Вот и хата. Светилось в маленькой комнатке. Лида вздохнула облегченно. На стене беспорядочно качались тени, цедился из форточки папиросный дым. До отвращения знакомые, растрепанные тени: Кулик, Михайло. Старая компания. Обмывают возвращение.
Под Лидиной дверью — Волк, высокий остроухий пес с печальными глазами. Повизгивает тихо, почти без голоса, виновато машет хвостом. Когда в комнате Василия (уже полгода, как Лида отделилась) начинается пьянка, Волк всегда удирает к Лиде. Лежит под лавкой, пока не затихнут голоса за стеной, потом начинает визжать, царапаться в дверь.
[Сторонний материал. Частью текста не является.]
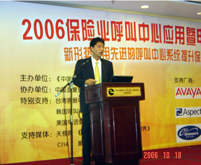 2006年10月18日,2006保險(xiǎn)業(yè)呼叫中心應(yīng)用暨電話營(yíng)銷高峰研討會(huì)在北京天鴻科園大酒店隆重召開(kāi),以下是K3主題演講實(shí)錄:大家上午好!很高興借這個(gè)機(jī)會(huì)跟大家討論外呼系統(tǒng)在保險(xiǎn)行業(yè)的應(yīng)用。到今年為止,我們?cè)谕夂粝嚓P(guān)平臺(tái)建設(shè)上超過(guò)了30多家。在我今天的介紹里,就保險(xiǎn)行業(yè)的特征,在我們應(yīng)用平臺(tái)上怎么應(yīng)用,跟大家做一個(gè)深入的討論。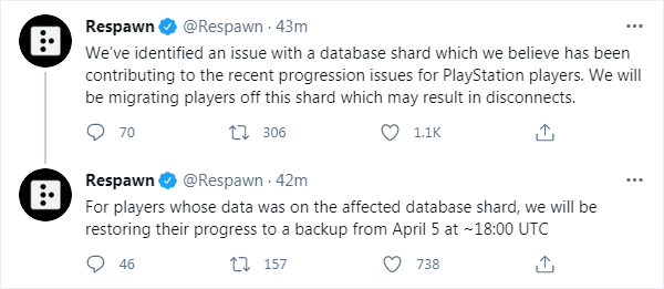 在下午重生表示他们发现了一个数据库碎片问题,他们认为这是导致PlayStation玩家最近游戏进度问题的原因。他们将把玩家从这个碎片中迁移出来,这可能会导致玩家断开连接。并且对于数据受到影响的玩家,他们将从世界标准时间(UTC)4月5日18:00起将其进度恢复为备份数据。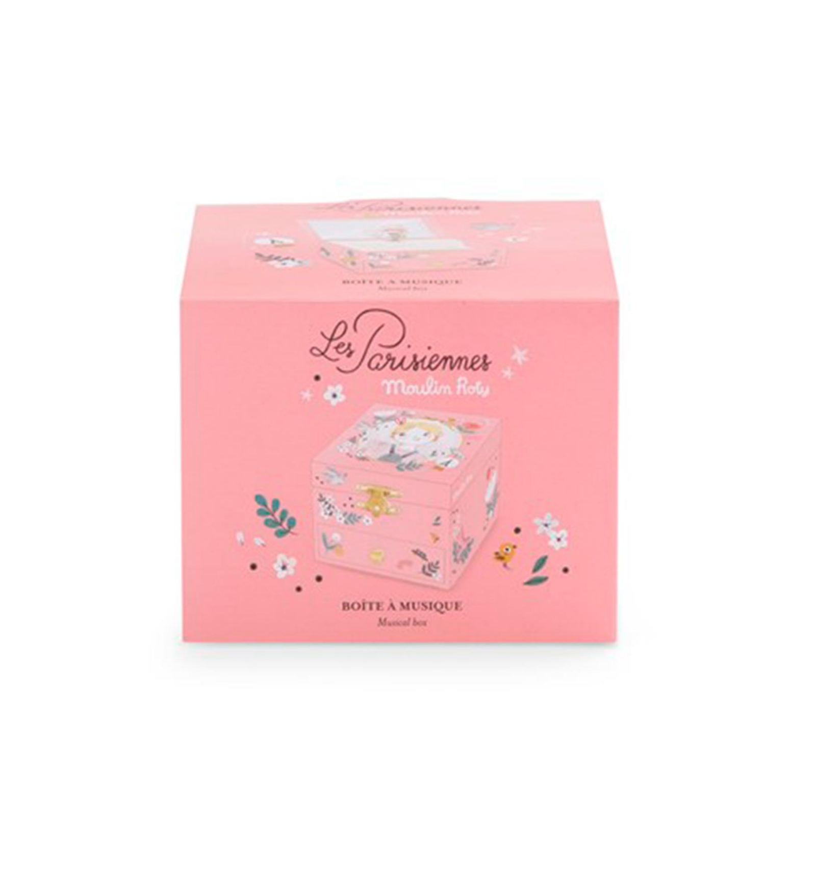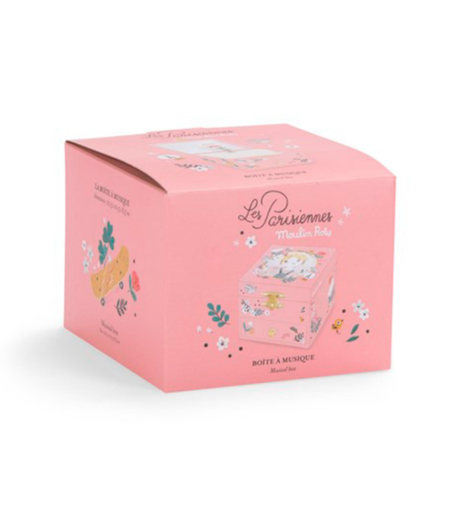 La caja de música "Les Parisiennes", ilustrada por Lucille Michieli, es un encantador tesoro para los más pequeños. Al abrirla, la intrépida Églantine, con su patineta bajo el brazo, gira delicadamente sobre los tejados de París al ritmo de la melodía. Este diseño único combina belleza y funcionalidad con un compartimento para guardar joyas y pequeños secretos.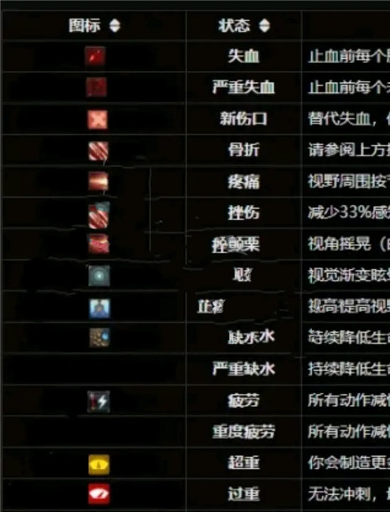 如果腿黑了的话,你就不能跑步了。如果你吃了止疼药,然后继续跑步或者跳跃的话,你的全身的血量都会掉,也就是我们所说的伤害扩散。如果你的胃黑了的话,你的角色会不停的咳嗽(声音非常的大),并且你的水分和能量会快速的流失。

Волк, наверное, единственное существо, которое осталось верным Василю. Везде и всюду — неотступно за ним, будто его вторая тень. Лиде кажется, что если бы не этот пес, давно бы кто-нибудь снял с пиджака Василя и его Звезду. Но Волк никого не подпускает к спящему. Как-то, рассказывали, забрел Василь на вечеринку, пил на пороге воду и упал, где стоял. Волк сел рядом. И пришлось хлопцам и девчатам всю ночь продремать в углу на лавке.
Лида вспоминает, как впервые принес Василь Волка. Принес в шапке. Он выловил его, утопающего, из воды. То было в те далекие, а Лиде и сегодня самые близкие дни, когда Василь субботними вечерами надевал пиджак, брал ее под руку, и они выходили на большак. Шли вместе со всеми «в проходку» по кругу, и Звезда, словно маленькое солнце, горела у него на груди.
На всех собраниях, совещаниях — Василь в президиуме. Потом выбрали его председателем колхоза. Уже они не ходили «в проходку». И уже не он, а другие сеяли лен, за который Василя люди удостоили высокой чести, а правительство — награды.
Лида не припомнит, как и когда ступил Василь на дорожку по наклонной. Как-то незаметно, исподволь. Выдаст справку, выпишет лес на хату... Благодарят, приглашают на рождение, на именины. А то и без видимых причин подкарауливают. То бригадир поджидает около конторы, когда председатель выходит из правления, то кладовщик. «Зайдем, Василий Дмитриевич, ко мне. Ты же свой человек, не гордец».